1. Learning Objective
By the end of this topic you will be able to:
- State the Cambridge IGCSE core definition of oxidation and reduction (loss or gain of electrons) and recognise the historic oxygen‑centric view as supplementary.
- Assign oxidation numbers, identify oxidation‑number changes and therefore determine which species are oxidised or reduced.
- Identify the oxidising and reducing agents, using the syllabus wording (oxidising agent = species that gains electrons; reducing agent = species that loses electrons).
- Write balanced redox equations and the corresponding oxidation and reduction half‑reactions using the standard 4‑step method (required for the Supplement).
- Apply colour‑change tests to confirm redox activity.
- Explain two industrial redox processes that appear in the syllabus (Contact process and metal extraction).
2. Definitions
- Core (syllabus) definition – electron‑transfer view
- Oxidation: loss of electrons; the oxidation number of the element increases.
- Reduction: gain of electrons; the oxidation number of the element decreases.
- This definition is required for all IGCSE questions (AO1).
- Historic (oxygen‑centric) definition – supplementary
- Oxidation: a substance gains oxygen atoms (or loses hydrogen atoms).
- Reduction: a substance loses oxygen atoms (or gains hydrogen atoms).
- Useful only when oxygen is actually transferred; otherwise rely on the electron‑transfer definition.
3. Oxidation Numbers – Quick Reference
Remember that in the core syllabus the oxidation numbers of hydrogen and oxygen are fixed in most compounds (H +1, O –2).

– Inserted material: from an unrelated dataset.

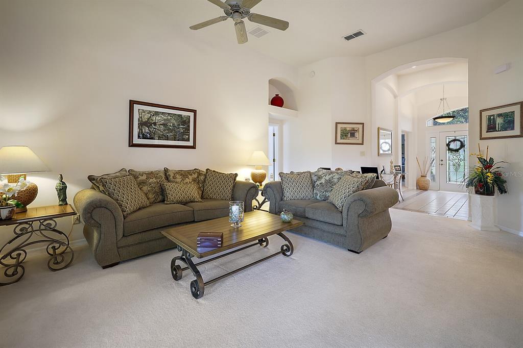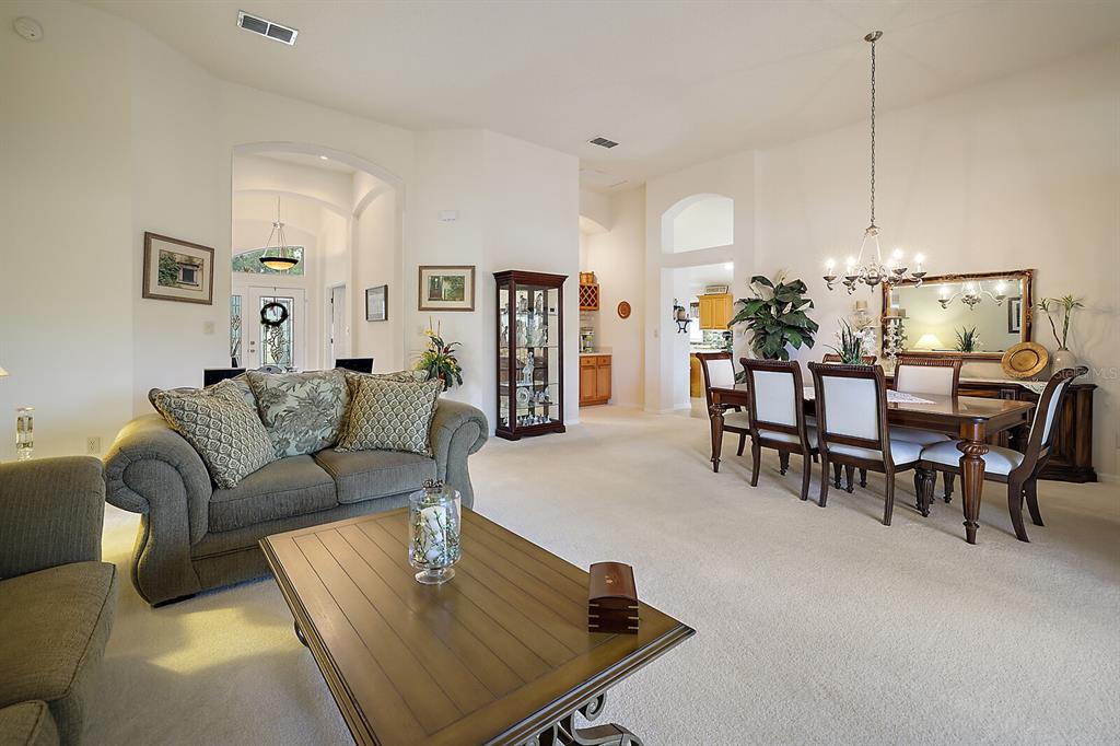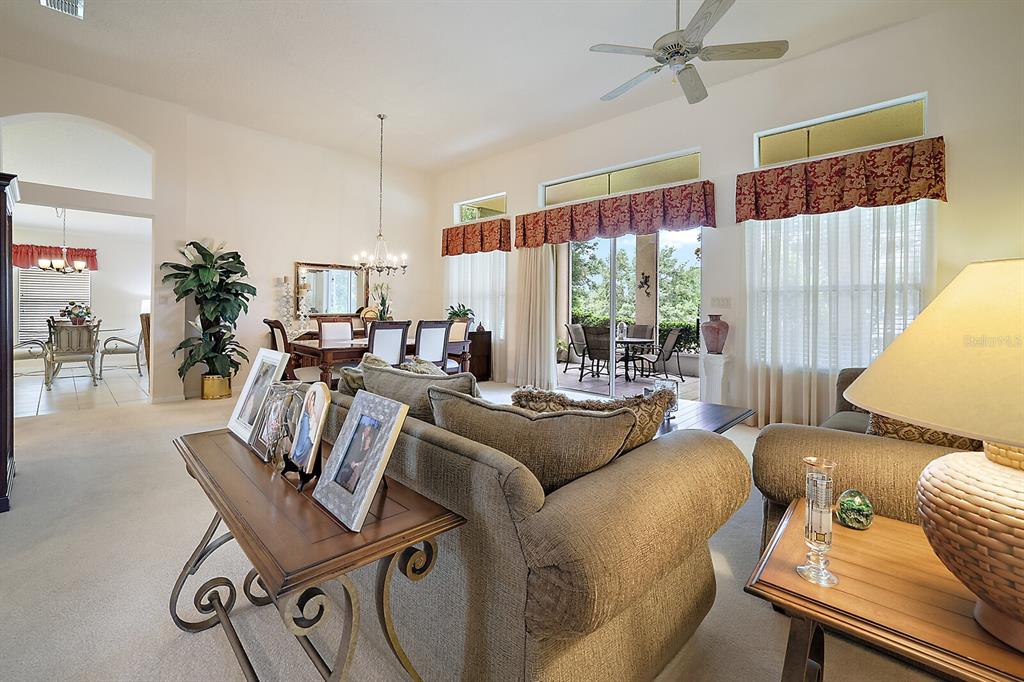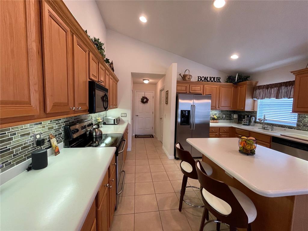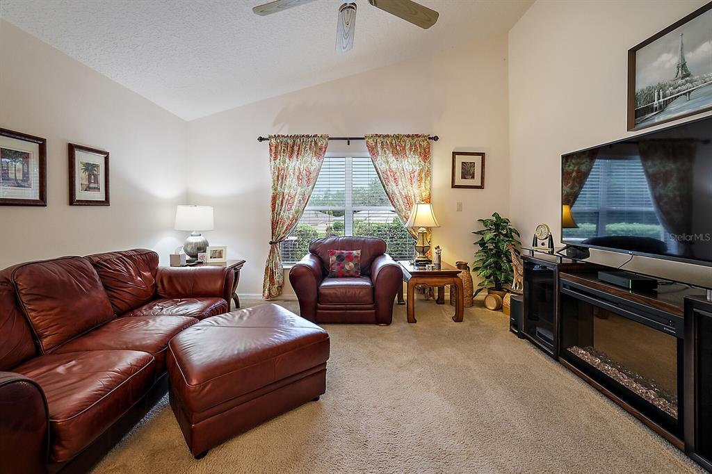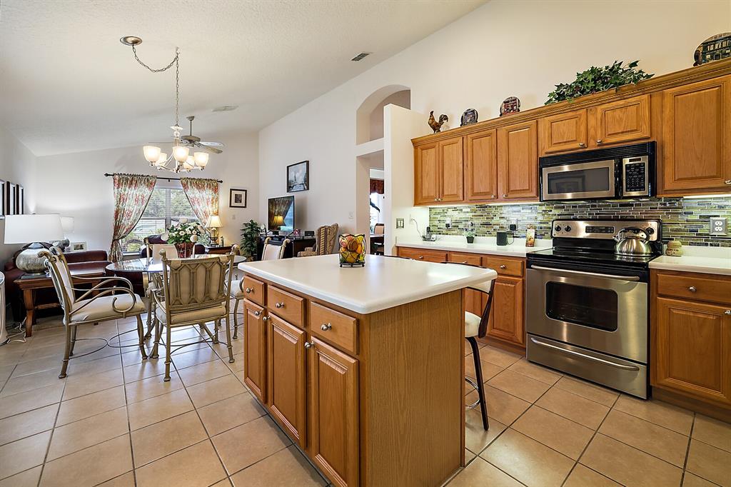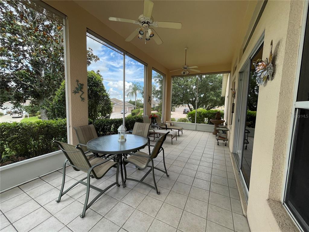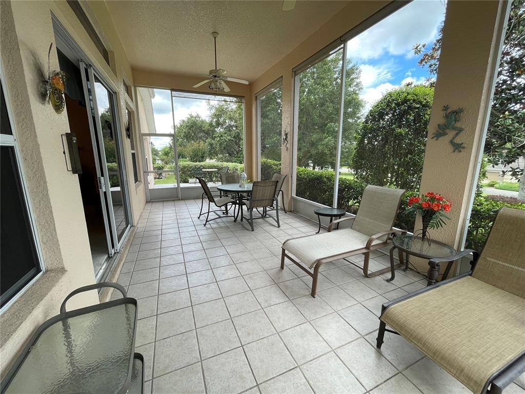 You’re going to love this 2 bedroom, den, 2 ½ bath Plantation at Leesburg home. The “Caribbean” sunsets off of the lanai are spectacular. It has a brand new roof and less than 1 year old air conditioner. This almost 2,600 square foot home sits on .44 acre beautiful corner lot in Nottoway. The home was constructed with concrete block and foam insulation to save on heating and a/c costs. You will see the quality of this home when entering the foyer with its arches and 12 foot ceilings. It has a large entry way closet, more closets galore, pantry, cabinets and plenty of additional storage. The Kitchen has a convenient island for preparing food and equipped with bar stools for a quick meal on the run. The cabinets were special ordered with details and extra decorative molding. The ceramic back splash with corian counters and corian sink just adds to the comfort. Appliances all stay. All window treatments and blinds remain. The master bedroom and bath is equally customized with his and hers built in California closets and drawers. It has a large walk in shower, garden style tub, separate his and her vanities and more. The dining and living room are spacious and has a discrete wet bar for entertaining family, friends and visitors. The family room is cozy and comfortable. The spacious back lanai measures 12×27 with screening, ceiling fans, lighting, fountain and ceramic tile flooring. There is a specially poured 12×15 concrete pad perfect for grilling, gardening or just enjoying coffee on a cool morning. The front lanai measures 8×12 and is also screened in for comfort. The windows and glass are tinted for those bright Florida sunny days. The garage has a newly replaced side door entry for easy access to the yard. The garage also includes durable shelving and additional storage in the attic with pull down stair case for convenience. The home also includes a whole house water filtering system for better quality and taste. The Plantation at Leesburg is a 55+ HOA community that is well managed and maintained. It has 3 community pools, 2 championship golf courses, tennis, pickleball, fitness center and so so much more! Check out this home and call now for your personal viewing.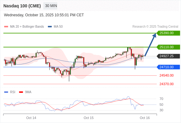 在 24710.00 之上,看涨,目标价位为 25110.00 ,然后为 25390.00 。

This helps avoid common mistakes.
| Element | Common oxidation number(s) |
|---|
| H | +1 (except in metal hydrides, –1) |
| O | –2 (except in peroxides, –1; in OF₂, +2) |
| Al, Na, K, Mg, Ca, Sr, Ba | +3, +1, +1, +2, +2, +2, +2 respectively |
| Fe | +2, +3 (depends on compound) |
| C | –4 (CH₄), –2 (CO), +2 (CO₂), 0 (elemental C) |
| Cl | –1 (most compounds), +5 (ClO₃⁻), +7 (ClO₄⁻) |
| Mn | +2, +4, +6, +7 (e.g., MnO₂, KMnO₄) |
4. Oxidising and Reducing Agents
| Agent | Role (as defined by the syllabus) | Example reaction |
|---|
| Potassium permanganate, KMnO₄ |
Oxidising agent – it is reduced (its oxidation number decreases) |
KMnO₄ + 5 H₂C₂O₄ + 6 H⁺ → K⁺ + Mn²⁺ + 10 CO₂ + 8 H₂O |
| Hydrogen sulphide, H₂S |
Reducing agent – it is oxidised (its oxidation number increases) |
H₂S + Cl₂ → 2 HCl + S |
| Carbon monoxide, CO |
Reducing agent |
Fe₂O₃ + 3 CO → 2 Fe + 3 CO₂ |
| Oxygen, O₂ |
Oxidising agent |
2 Mg + O₂ → 2 MgO |
5. Writing Redox Half‑Reactions (4‑Step Method – required for the Supplement)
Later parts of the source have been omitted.